Is there software i can use to erase it without reformatting my entire drive ?

I have tried revo-uninstaller but there is still sophos files on the comp and they have locked folders and files and wont allow me to backup files to thumb drive or anything else.

I also tried Eset AV removal tool but that cant even see sophos.

How can i delete this garbage ?


----------



## Fireflycph (Apr 1, 2016)

Here's a link that describes how to remove the tamper resistance and, hopefully, how to remove it afterwards.

https://community.sophos.com/kb/en-us/124377


----------



## Couriant (Mar 26, 2002)

I don't think that is Sophos causing the issue. Sophos doesn't control your permissions to the folders.

Is this a personal computer or a work computer?


----------



## Fireflycph (Apr 1, 2016)

Couriant said:


> I don't think that is Sophos causing the issue. Sophos doesn't control your permissions to the folders.


No, you're right there. However it's not uncommon for a software to create certain folders using a hidden/encrypted account and thus preventing others from editing and/or deleting those. 99% of the time it'll be a AV software. And it's done so hackers, malware etc. can't take control of the system.


----------



## Couriant (Mar 26, 2002)

The reason I ask if this is work computer is that Sophos Enterprise edition does have 'encryption' -- which is really turning on Windows BitLocker in versions of Windows that has that ability. I doubt a free trial will have that ability, though these days who knows...

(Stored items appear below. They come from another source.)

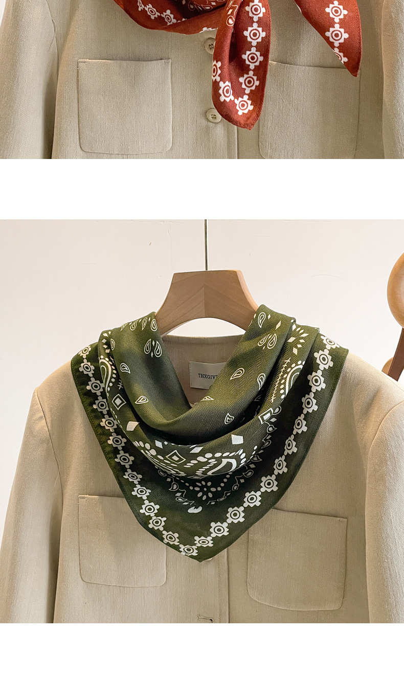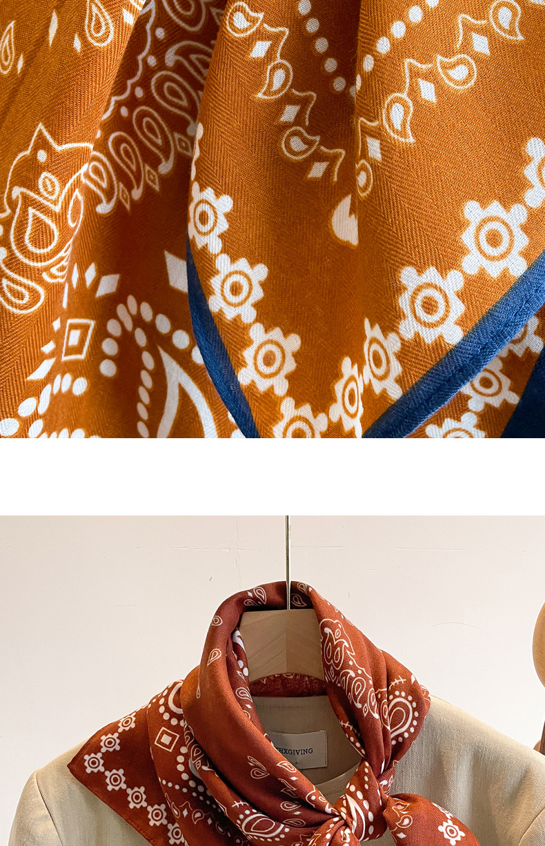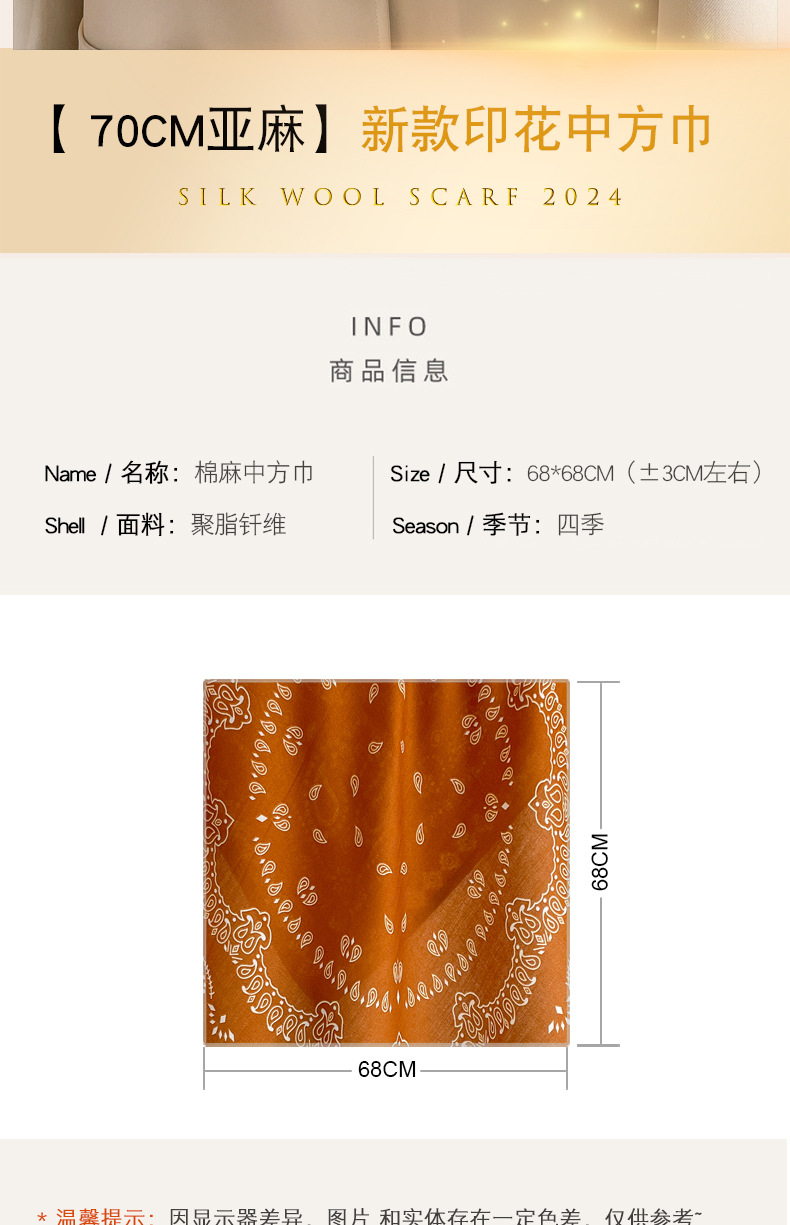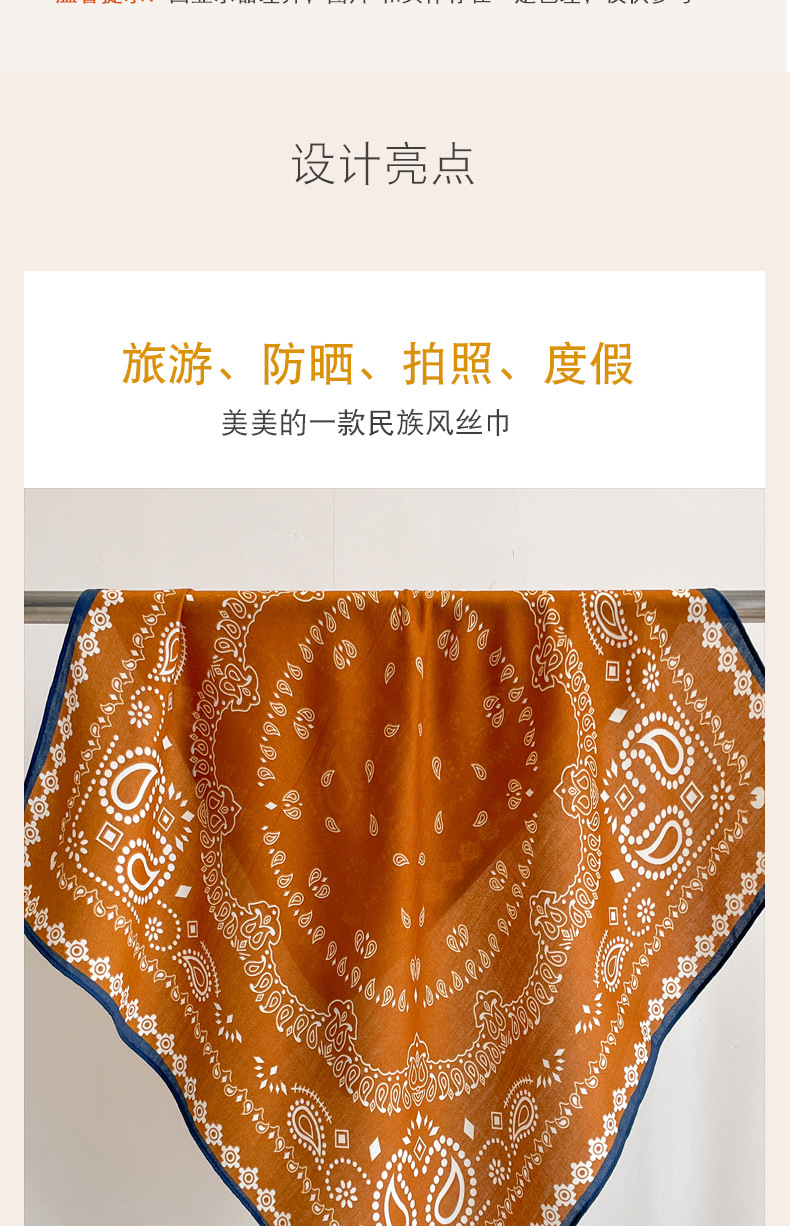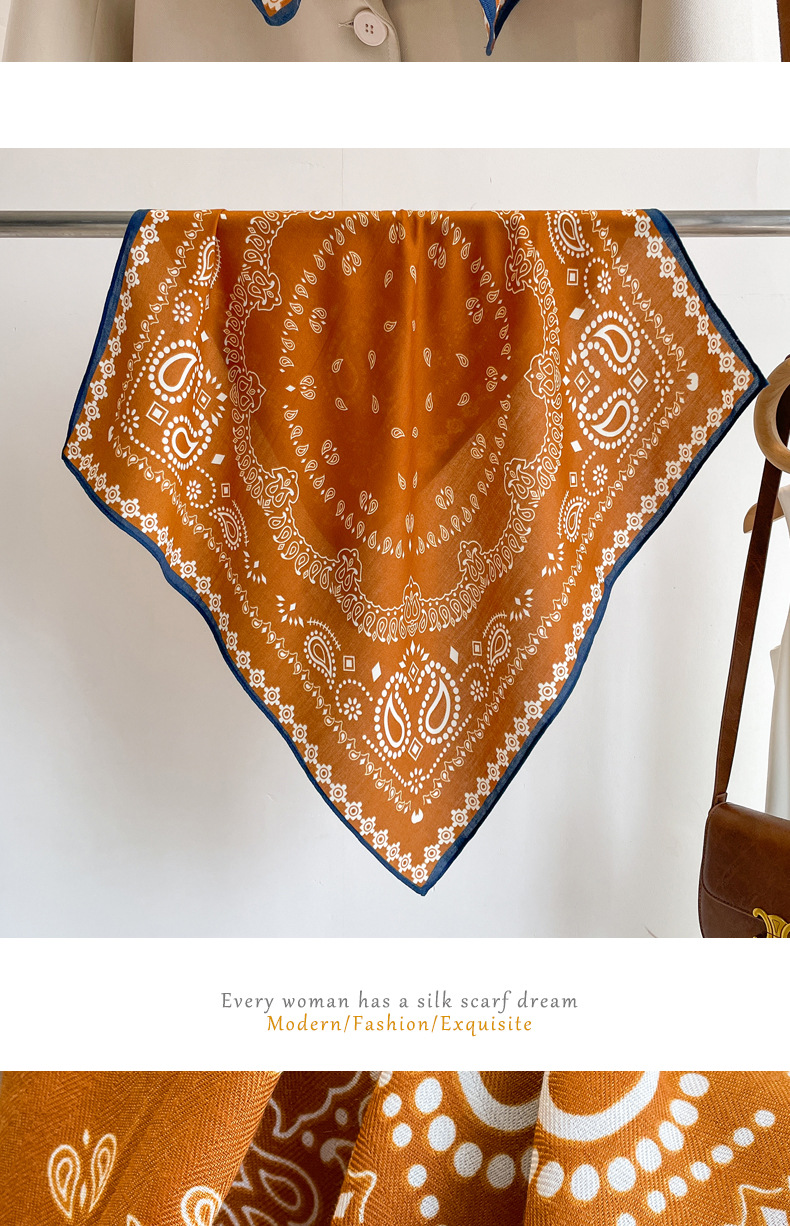 橙色腰果花棉麻发带丝巾70小方巾女薄款围巾领巾亚麻头巾百搭衬衫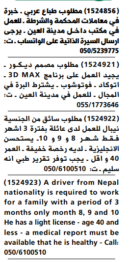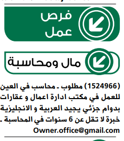 مطلوب سكرتيرة للعمل في العين.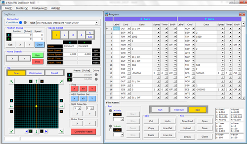 The user can register various driving parameters and the user program of up to 1000 steps by 36 kinds of commands. Thereby the complex operation can easily be performed by registering them in advance. MD5230D user program file is saved in the format of CSV file. The user can edit a user program file by using spreadsheet software applications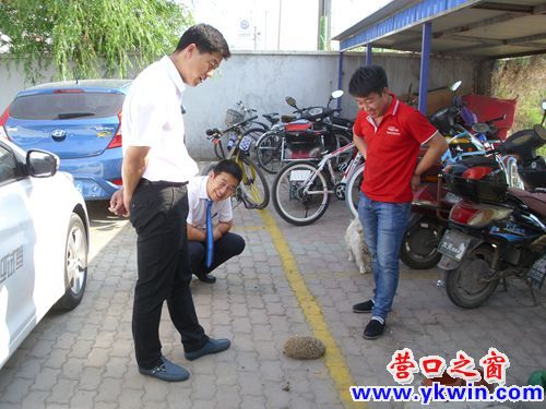 6月6日凌晨,一只刺猬无意闯入营口东外环路边的一家汽车4S店的院子。看门的小狗发现后,立即上前迎战:汪!汪!汪!可是,狗嘴刚一碰到刺猬马上就退了回来,因为它咬到刺猬的刺了。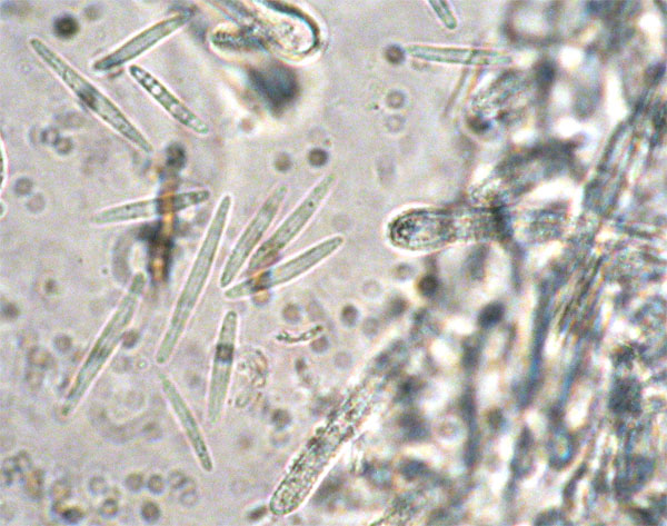 Spores ellipsoïdes, lisses, biguttulées, 13-15 x 7-8,5 µm, 13,8 x 7,7 µm en moyenne (10 spores), Q = 1,79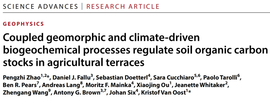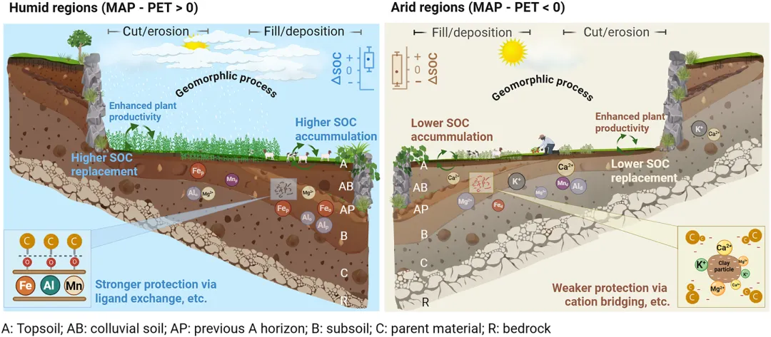 欢迎点击上方名片关注!推送等相关事宜直接后台私信即可!农业梯田是分布最广泛的人类建造地貌类型之一。它们深刻重塑了土壤景观并影响碳循环,但其影响的程度及驱动因素仍存在较大不确定性。通过整合沿气候—地球化学梯度分布的14个排水良好梯田地貌单元的野外观测数据与综合数据分析,我们发现,梯田修筑后土壤有机碳(SOC)储量的变化受两种耦合的碳周转—地貌过程控制:一是侵蚀部位流失表层土壤碳的补偿过程,二是沉积部位埋藏SOC的稳定化过程。气候通过塑造土壤地球化学特性和植物生产力,进而调控梯田内SOC的补偿与稳定化,从而显著调节这些过程。因此,梯田对SOC储量的影响在湿润地区表现为持续正效应,而在干旱地区则呈现正负并存的混合结果。本研究构建了阐释排水良好梯田系统中SOC动态的理论框架,并为在全球农业梯田中实施有针对性的碳汇提升管理策略提供了科学依据。Fig. 1.Terrace-induced changes in SOC stock (∆SOC) and its relationships with climates and geomorphic positions.
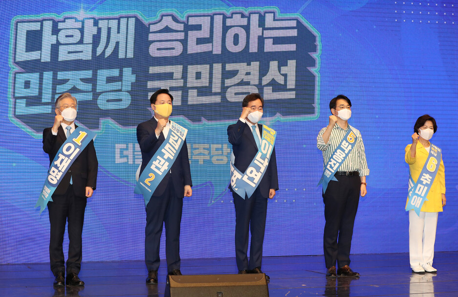 5일 오후 충북 청주시 서원구 CJB컨벤션센터에서 더불어민주당 대선 후보를 뽑기 위한 '충북·세종 민주당 순회 경선'이 치러지고 있다. 이재명(왼쪽부터), 김두관, 이낙연, 박용진, 추미애 후보. 연합뉴스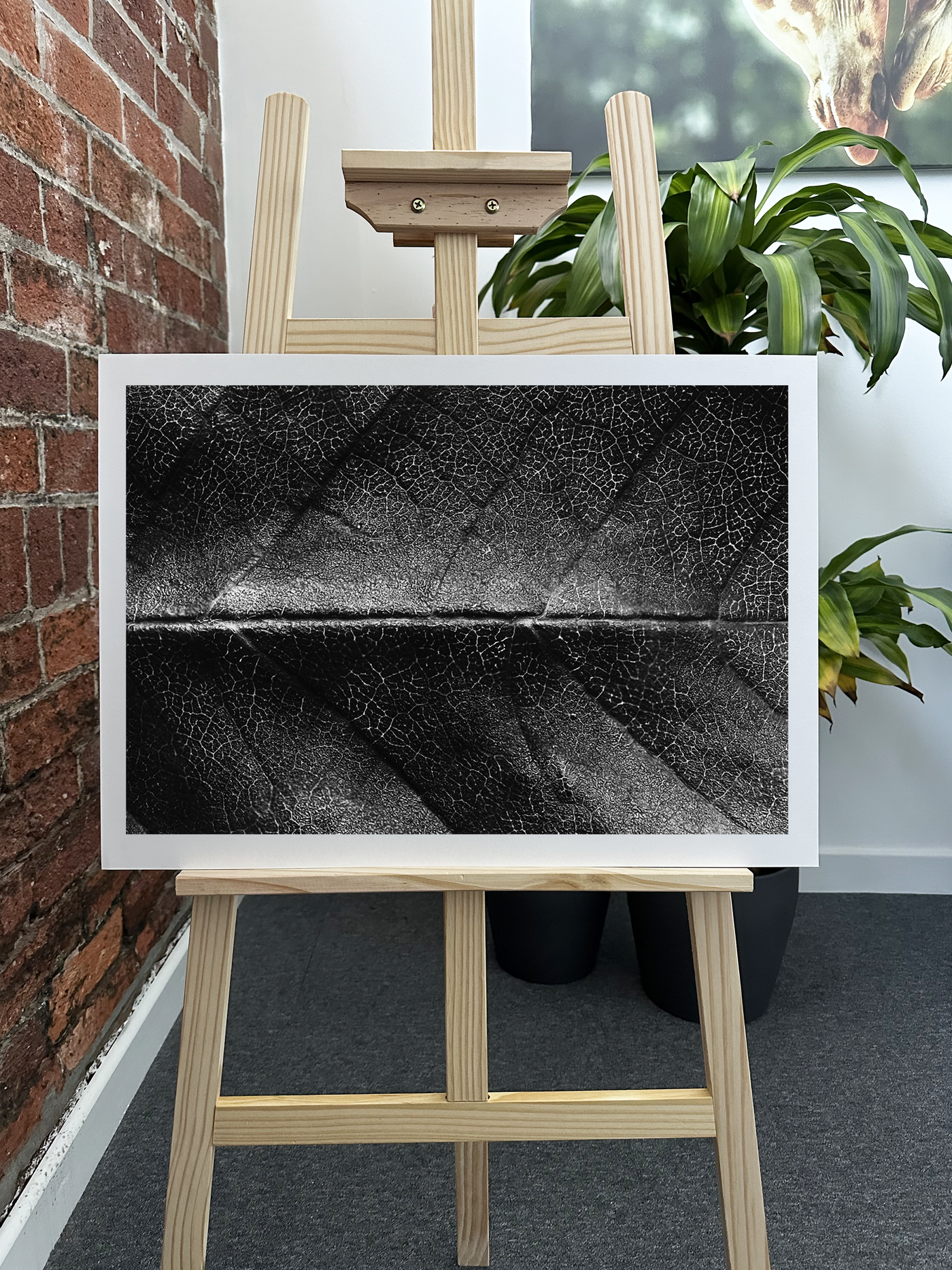 Rendered on Fine Art paper, this print takes on a tactile quality that beautifully complements the subject matter. The textured surface of the Monochrome Fine Art print harmonises with the leaf's natural textures, enhancing the organic feel of the piece. This artwork would bring a sense of tranquillity and connection to nature to any space, inviting viewers to pause and marvel at the complexity found in even the simplest elements of the natural world.

But BitLocker does not affect parts of the drive.. it's all or nothing and also the whole drive would not work if it failed the authentication ('unlocking the drive, etc). Plus not having permission to write sounds to me that the account permissions have been changed somehow.


----------



## HeadsUp (Jul 22, 2012)

The method that worked for me here is to log in to Sophos central > click devices tab at left > click on your device > click on tamper protection tab > click on tab to turn off tamper protection > reboot system > go to control panel > uninstall the program in the usual way.

That worked however its possible either that i was hacked because permissions to virtually everything was locked up , or Sophos locked up all my files for god only knows what reason . did they think they would sell me a solution ?

I made 7 requests to Sophos tech support , nothing they suggested came even close to working.

This is a business PC but i was using personal trial version.

settings in Temp files showed this entry below , i removed it along with all Sophos files , now everything is working and mysteriously i have an extra 60 Gb of space on my C drive..... 

Could this be a randon hacker or sourced a bit closer to the problem ?

Account Unknown ? (S-1-5-5-0-192973)


----------



## Couriant (Mar 26, 2002)

When the computer has (S-1-blah) as a user in the permissions, it means that the computer does not know who that is. So if that is your entry, then you can't do anything. 

I would find it hard pressed to blame Sophos, or even ask them for assistance. If the computer is joined to the company domain, it's possible that the computer lost communication to the server so it doesn't know your account, or someone deleted the user account from the domain.

Since I don't know your setup (i.e. how the computer was built, joined to a domain, etc.), I will go by the standard answer: Your I.T. department needs to fix the permissions.


----------